Verizon has announced the rollout of the first “real” mobile 5G service in the U.S. Called as “5G Ultra Wideband” it will grace Chicago and Minneapolis cities from April 11.

Later, Verizon will expand 5G service to 30 more American cities this year.

However, the big bang 5G rollout of Verizon also kicks in a reminder that unlike 4G, the fast mode 5G is not an automatic upgrade and customers have to pay more.

The initial the rollout has been sweetened by Verizon with no additional charge for the first three months. Thereafter, the 5G service will bear $10 add-on charge to the existing unlimited plans.

The first 5G-capable phone in Verizon's network will be Motorola Moto Z. But accessing it for 5G will require additional hardware called 5G Moto Mod.

How to get 5G service after 3 months of the free run?

Verizon’s 5G service will cost $10 per month after the first three months. It will require an unlimited plan.

A customer can opt for a Verizon Go Unlimited, Beyond Unlimited, and Above Unlimited plans.

However, those who stick to any older Verizon plan without an upgrade will be denied access to 5G.

The important part is that the customer’s device must be 5G compatible. The Moto Z3 launched a few months is good enough to deliver 5G speeds provided a new 5G Moto Mod accessory is co-opted with it.

The Moto mod is a full-fledged smartphone with a new Snapdragon 855 processor, 5G antennas, and a powerful battery.

Pre-order 5G Moto Mod and earn a discount

Verizon has arranged 5G Moto Mod pre-order until March 14th at a discounted price of just $50. But buying it later will cost a huge $349 upfront.

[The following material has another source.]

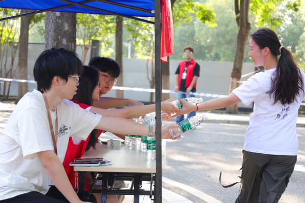 图为补给站志愿者给学生递水 摄影:张泳和

But Moto Mods are compatible only with Motorola devices like the Moto Z3. Pre-ordering Moto Z3 and the 5G Moto Mod by March 14 will get a high-end 5G smartphone for $540 off the regular price.

There is also the option to upgrade a customer’s smartphone to a Moto Z3 at the rate of $10 a month for 24 months and earn a saving of $240 off the regular price.

GettyImages-Verizon logo
A man stands in front of the Verizon logo at the Mobile World Congress (MWC) in Barcelona on February 25, 2019. Verizon has announced the rollout of the first “real” mobile 5G service in two U.S cities. GABRIEL BOUYS/AFP/Getty Images

The announcement of Verizon is a hint that major carriers do not treat 5G as a routine upgrade to existing networks. It is clear that 5G will be a premium service for those willing to pay extra.

According to mobile industry analyst Chetan Sharma, Verizon is just “testing the appetite for additional fees.”

In this context, the stand of T-Mobile is significant. Amidst the controversy on a hike in consumer costs over Sprint-T-Mobile merger, T-Mobile CEO John Legere promised the Federal Communications Commission (FCC) that the combined company will not raise prices for three years if the deal is approved.

Sharma expects the T-mobile-sprint combine may help in reducing 5G prices.